Две недели он пролежал в госпитале для легкораненых. Парадоксально,
но факт - Петер отделался, если не считать ободранный лоб, только ушибами
да массой ссадин: его будто бы наждачной бумагой поскребли во всех
сколько-нибудь выступающих местах. Кожу на лбу пришили на ее законное
место, и теперь она страшно чесалась, но чесать ее было бесполезно, потому
что прикосновений она не ощущала - такие вот забавные вещи случаются.
Петера сразу, раздев догола, с ног до головы вымазали каким-то вонючим
маслом и завернули в простыню, этим же маслом пропитанную, - так он и
лежал, первые дни ему кололи морфин, потом что-то послабее, потом вымыли,
смазали марганцовкой, выдали обмундирование и велели убираться на все
четыре стороны и никогда больше сюда не попадать.
Его ждал Эк с машиной. Летучий Хрен, прознав обо всем, велел Петеру
прервать командировку и вернуться в редакцию за дополнительными
инструкциями. Езда причинила Петеру массу переживаний - ягодицы пострадали
не менее, чем локти и колени; наконец, он приспособился ехать стоя,
придерживаясь за дугу тента.
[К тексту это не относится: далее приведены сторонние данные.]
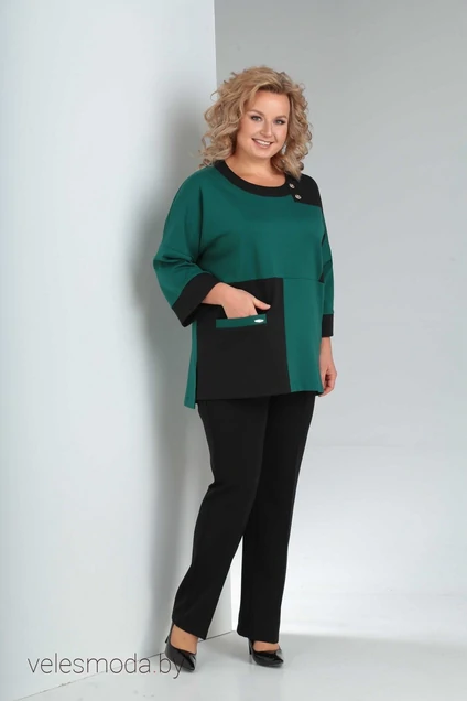 Туника из трикотажного полотна.Туника скомбинирована из двух цветов,имеет свободный силуэт ,рукав с заниженной проймой и притачной манжетой.Справа на передней полочке имеется функциональный карман.В качестве декора используются пуговицы и украшение на кармане под метал.Длина туники по центру спинки 78см. длина рукава от горловины 61см.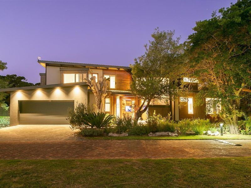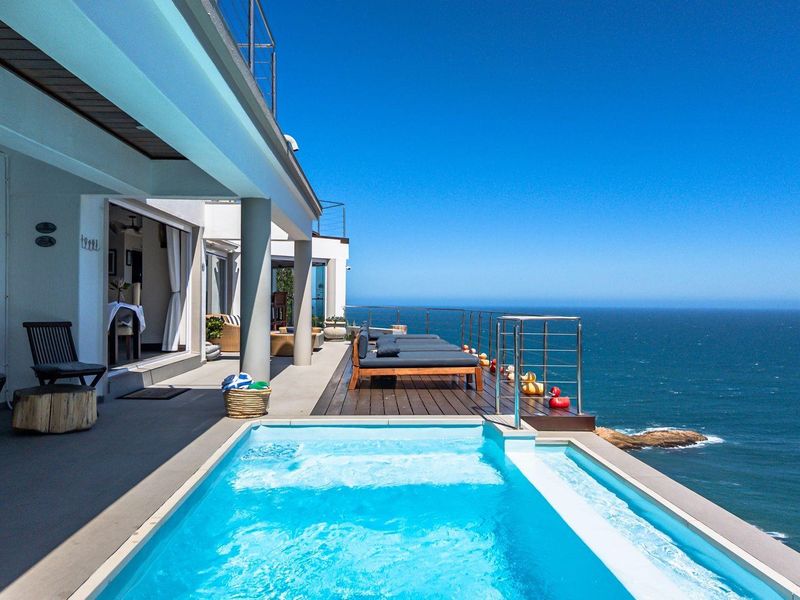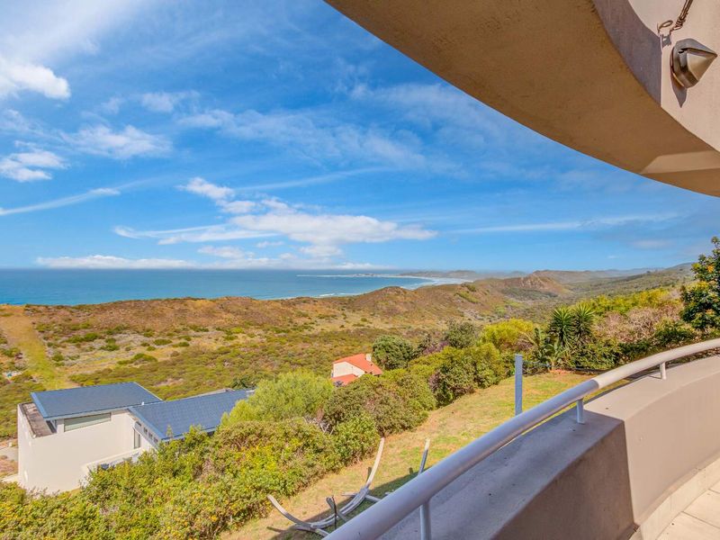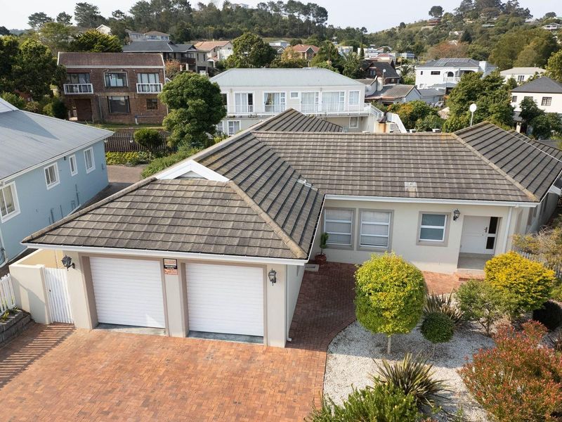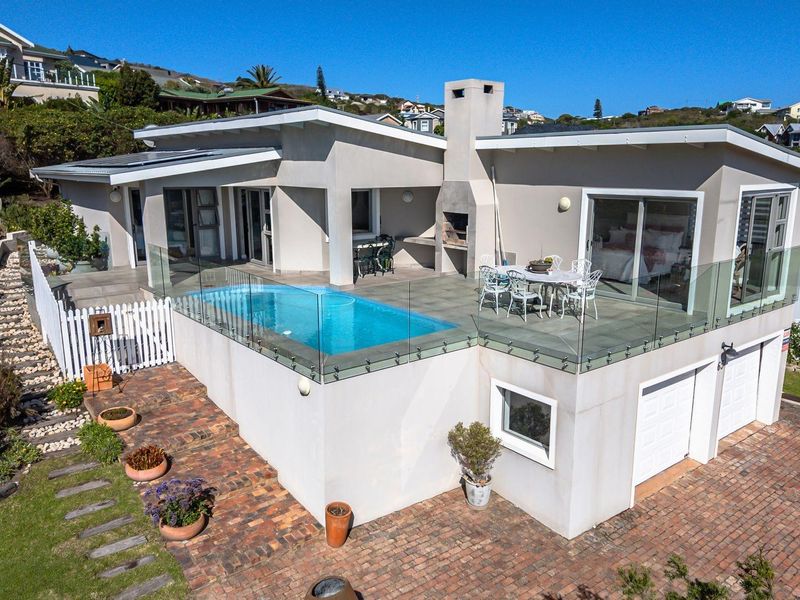 Elevated coastal retreat in Brenton-on-Sea with panoramic Indian Ocean and Buffelsbaai views — watch migrating whales from the balcony; pool and pizza oven with lush garden, six-bedroom layout.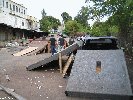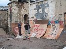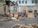 On demande a Crandall s'ils n'ont pas besoin d'un coup de main pour faire les modules... j'ai jamais fait de modules et ça peut-etre marrant et être une bonne experience. Crandall nous dit \"pas de problemes mais c'est dangereux...\". Mais c'est pas ça qui va nous arreter :-) et on part avec Dave (un des soudeur FBM) dans le batiment desaffecte qui est juste entre l'usine FBM et l'endroit ou il y aura la Ghetto Comp, et la mission dans ce batiment, c'est de trouver du bois. A premiere vue, le batiment est bien crade et l'escalier pour acceder au batiment est recouvert de 3 cm de crottes et de cadavres d'oiseaux...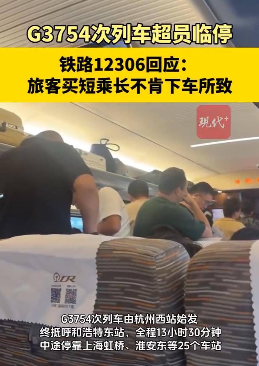 据乘坐该列车的多名乘客表示,G3754次列车当天在张家港站临停40分钟左右,短途的不给补票,列车员清了一部分人下车,同时把人分散到车厢各个位置,才解除预警,后续途中又有两次同样的超员报警、列车临停的情况,最终比计划时间晚点了1个多小时。

Эк рассказал, что мост устоял, но работы пока
ведутся только восстановительные, потому что разбомбили к чертям собачьим
все подъездные пути, электростанцию - ее настолько основательно, что сразу
стали строить новую, - и здорово покорежили стапель. Ну и по мелочам...
да. Но налеты прекратились. Почти прекратились. В тот день сбили, говорят,
пятьдесят шесть самолетов - это кого хочешь отучит...
Летучий Хрен расспросил Петера - очень кратко - о делах и велел
отдыхать. В тот же вечер Менандр свозил Петера в генеральскую баню, там за
него взялся огромных размеров волосатый мужик и за два часа превратил
Петера в розовую ватную куклу - размял, снял коросту, распарил и измолотил
руки, ноги, спину. Наутро Петер проснулся легким и обновленным. И пошел к
Летучему Хрену.
- Так сразу? - удивился тот. - А я хотел тебя еще здесь подержать.
- Позарез надо, - сказал Петер. - Просто позарез.
- Ну, тогда давай, выкладывай подробности, - сказал Летучий Хрен. И
потом, когда Петер выложил все, что знал, и о чем догадывался, и о чем
только подозревал, согласился: - Поезжай.
Возвращается на круги своя, подумал Петер, все та же докрасна
ободранная земля, следы наступления великой инженерной армии, но ведь я
вижу это только во второй раз, почему же кажется, что - в сотый? А вот
новенькое: дюралевые обломки, разбросанные вокруг - да как много!
Специально стаскивали и раскладывали вдоль дороги. А машин разбитых нет,
убирают сразу с глаз долой. Рука господина Мархеля, это уж точно...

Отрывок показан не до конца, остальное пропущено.